Chip: Apple M1 Pro
Number of Cores: 8 (6 performance and 2 efficiency)
Compiler: GNU C++ compiler - g++
Version: 11
GPU version: Nvidia V100
The purpose of this portion of the project is to develop a serial, cpu-based algorithm for ray tracing.
To run the ray tracing algorithm written in C++, follow these steps.
- Enter the correct directory -
cd milestone-1
-
Specify the input N_rays and N_gridpoints in the Makefile.
-
Build and run -
make
This will generate the executable, run the code for the inputs specified in the Makefile, and generate the plot for the render.
The outputs can be found in the milestone-1/output directory.
1. N_rays = 1e7
2. N_gridpoints = 1000
The purpose of this portion of the project is to develop a parallel, gpu-based algorithm for ray tracing.

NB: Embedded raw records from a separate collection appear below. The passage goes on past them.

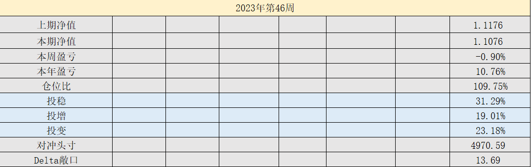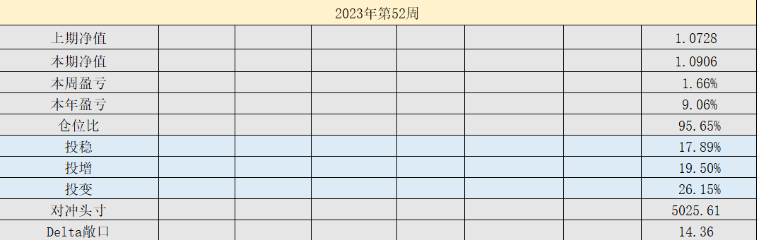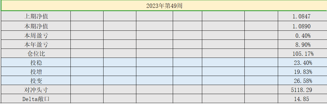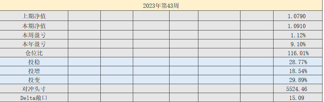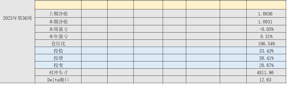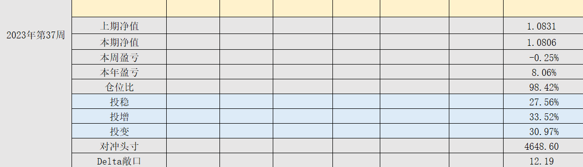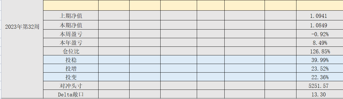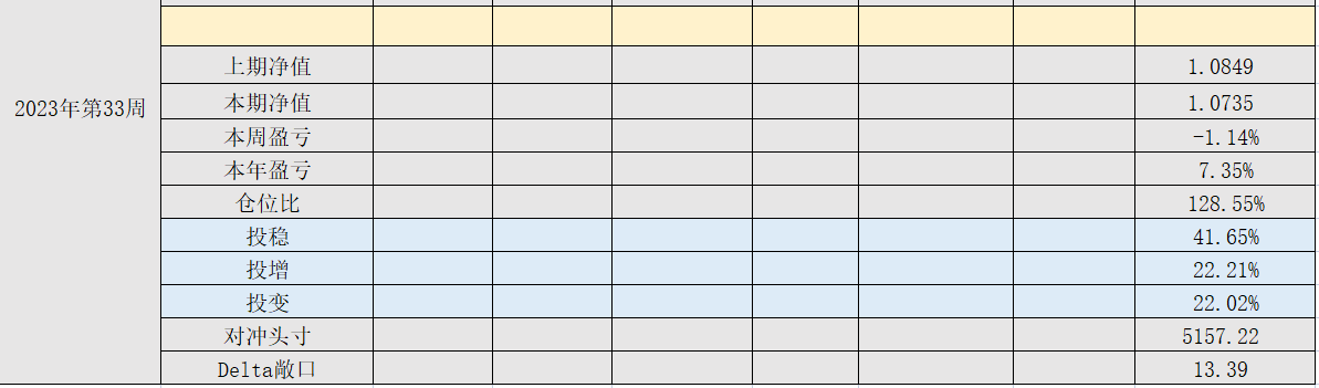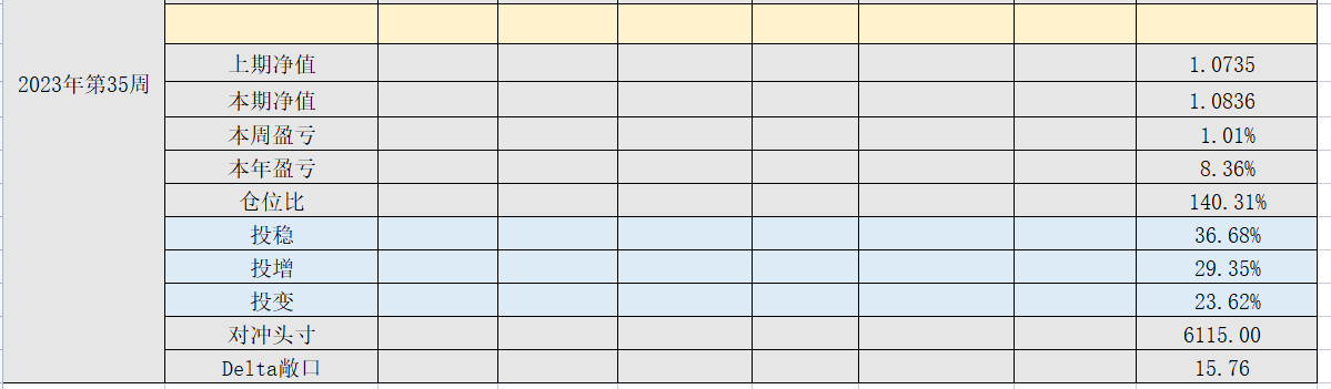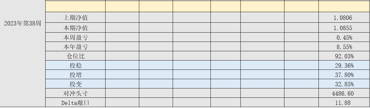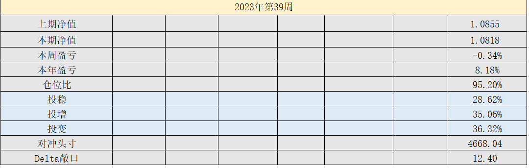 2023年39周,净值:1.0818,本周盈亏:-0.34%,本年盈亏:8.18%,总仓位:95%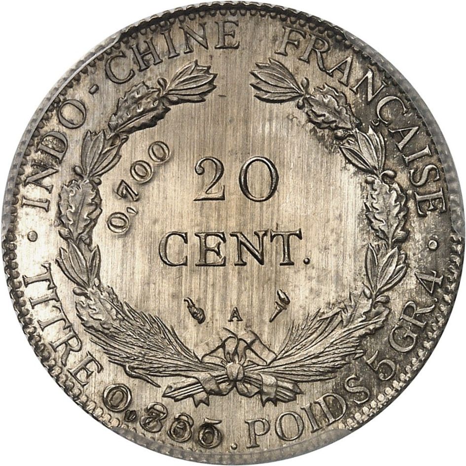 20 центів (зразок; проба металу) 1919 – 1919 Французький Індокитай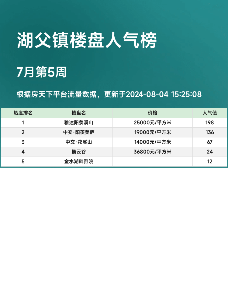 在当下的房地产市场中,如何选到一个适合自己的居住地至关重要💡。湖父镇的人气楼盘榜单为购房者提供了宝贵的信息,帮助你在众多选择中找到最佳的居住地🏡。了解当前市场的热门楼盘,能够更好地把握购房机会,以下为大家带来湖父镇人气楼盘榜单前三名的测评📊。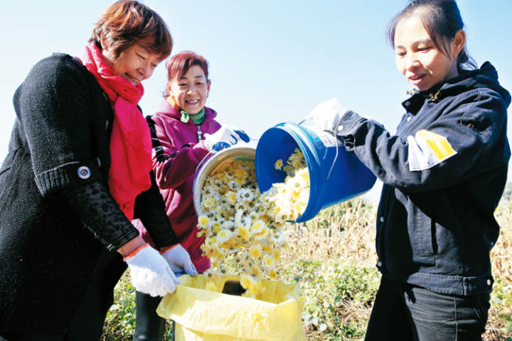 村民们将摘下的菊花收集在一起。记者张海强摄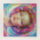 Ein atemberaubendes Fantasy-Porträt einer Frau mit einer lebhaften Blume Krone und leuchtenden Pastelltönen. Ihre leuchtend blauen Augen und ihr sanfter Ausdruck werden durch einen zarten Schmetterling und eine wirbelnde Regenbogenaura ergänzt. Diese traumhafte Abbildung verbindet Schönheit, Natur und surreale Eleganz.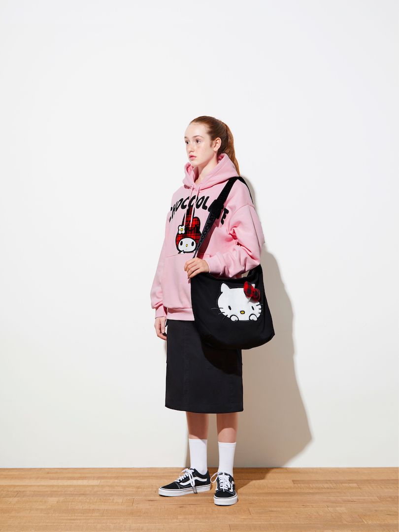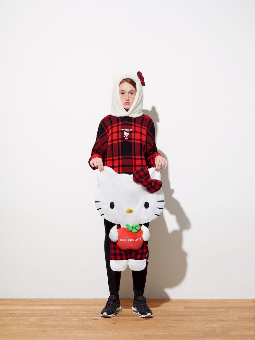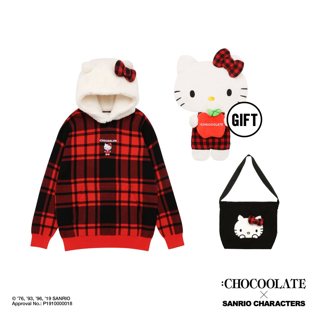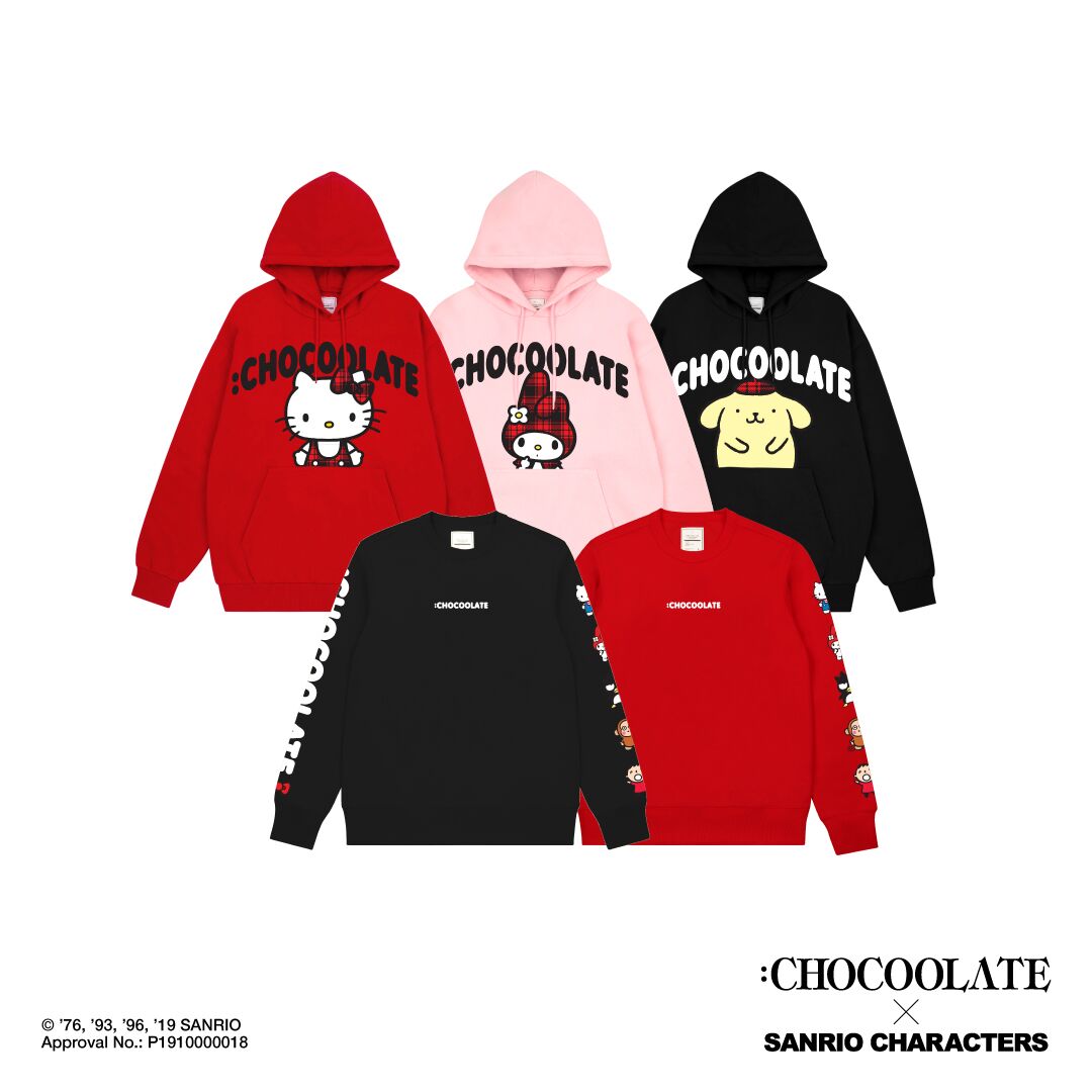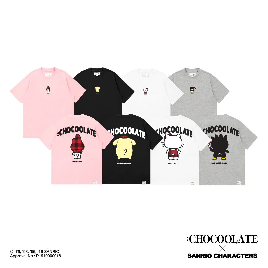 ▼:CHOCOOLATE這次與三麗鷗的聯名以英倫格紋為主題,也搭配品牌常用色調「黑、白、灰」,加上鮮豔的紅色與粉嫩色系,推出多款印花T恤、連帽T等,讓粉絲們全都眼睛冒心心~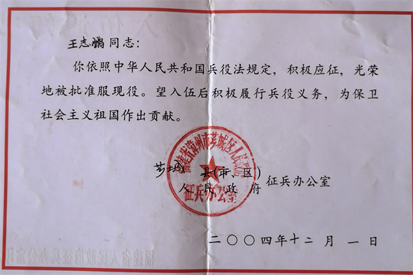王志鵬個人入伍通知書 曾經,他們都是軍人。如今,他們一起兄弟擔當有所成就。一路走來,他們始終保持建功立業的奮進,更從未忘記回饋社會的擔當。 王少煌,1999年12月入伍于河北空軍某部,2002年12月退伍;王志鵬,2004年12月入伍于福建省軍區原海防某團,2009年12月退伍。兄弟倆在部隊期間均獲得不錯佳績,得到優秀士兵、優秀士官等榮譽,并入了黨。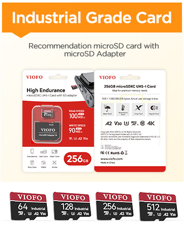 【Optional Memory Card Recommendation】 VIOFO industrial high endurance microSD cards, optimized for dashcam recording, give greater assurances around compatibility and long-life durability, greatly elevating your dashcam owner experience. There are different options for your choice - 64GB/128GB/256GB/512GB. (*NOT Included. Please separately purchase it in VIOFO store.)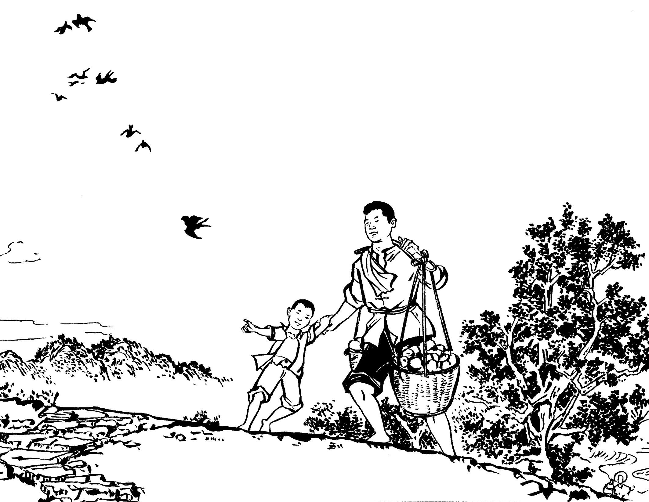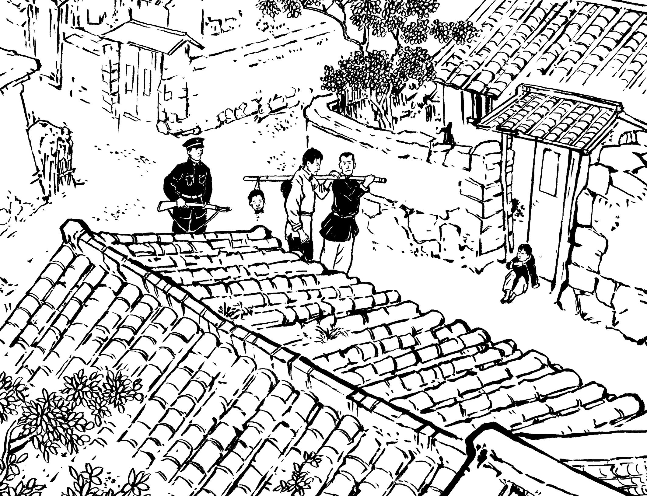 74. 黄振、黄翻挑着两个血淋淋的头颅,从村门自然村出发,沿着古坑——浯坑——溪坂——门口店(今文斗村),直到溪南,他们的心如刀绞一般的痛,泪水模糊了视线。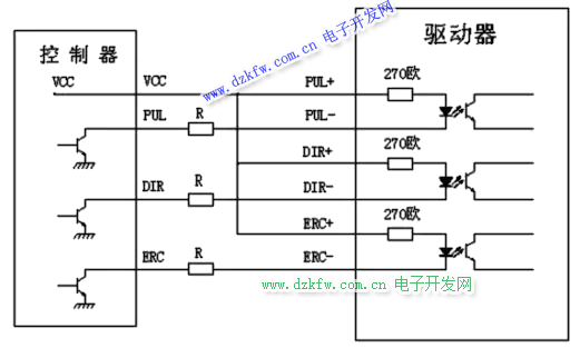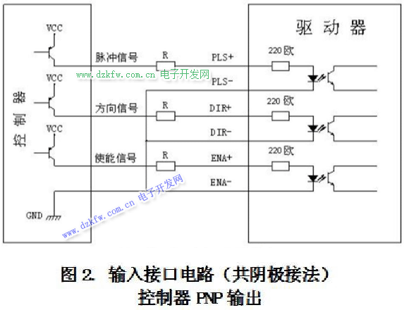 步進驅動器控制信號連接:上位機的控制信號可以高電平有效,也可以低電平有效。當高有效時,把所有控制信號的負端連在一起作為信號地,低有效時,把所有控制信號的正端連在一起作為信號公共端。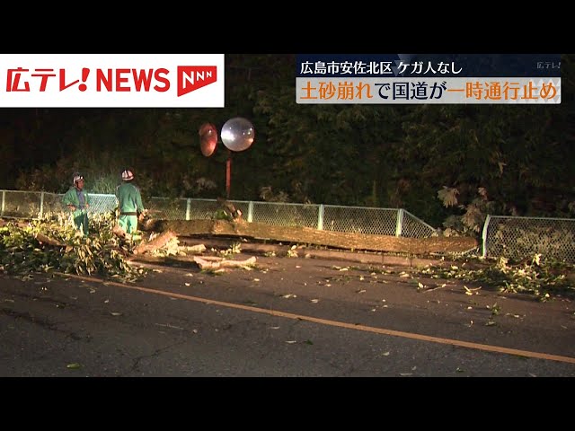 警察によりますと道路を走っていた軽乗用車に土砂が落下し、運転していた人がけがをしている模様です。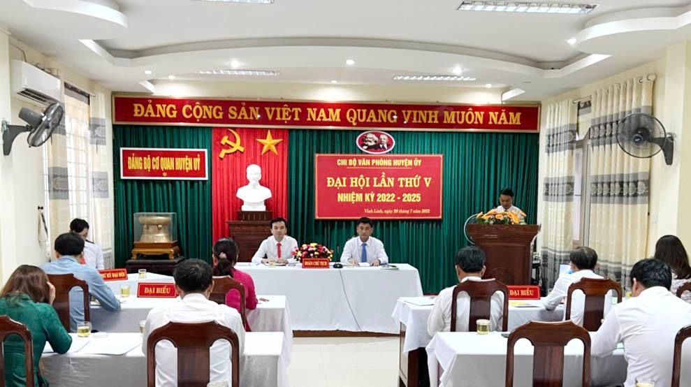 Ngày 28/7/2022, Chi bộ Văn phòng Huyện uỷ Vĩnh Linh tiến hành Đại hội lần thứ V, nhiệm kỳ 2022- 2025 nhằm đánh giá kết quả thực hiện nhiệm vụ nhiệm kỳ 2020- 2022, xây dựng phương hướng nhiệm kỳ 2022- 2025. Tham dự có đồng chí Nguyễn Thị Hương, Phó Bí thư Thường trực Huyện ủy, Chủ tịch HĐND huyện.

I am implementing the parallel algorithm by computing a single ray per GPU thread.
To run the ray tracing algorithm written in C++ with the GPU programming done with CUDA on an Nvidia GPU, follow these steps.
- Enter the correct directory -
cd final-version
- If you have a GPU on your system, then specify the input N_rays, N_gridpoints and n_threads_per_block in the Makefile.
If not, then specify the same inputs in the same order listed above in the batch_file.
- If you have a GPU on your system, the build and run with the following command -
make
This will generate the executable, run the code for the inputs specified in the Makefile, and generate the plot for the render.
If you do not have a GPU, then this can be run on Midway3 by submitting the batch_file as a job. To visualize this, copy then output file by modifying the username and filepaths in copy_output.sh and then running the following -
./copy_output.sh
followed by -
./visualize.sh
The outputs can be found in the final-version/output directory.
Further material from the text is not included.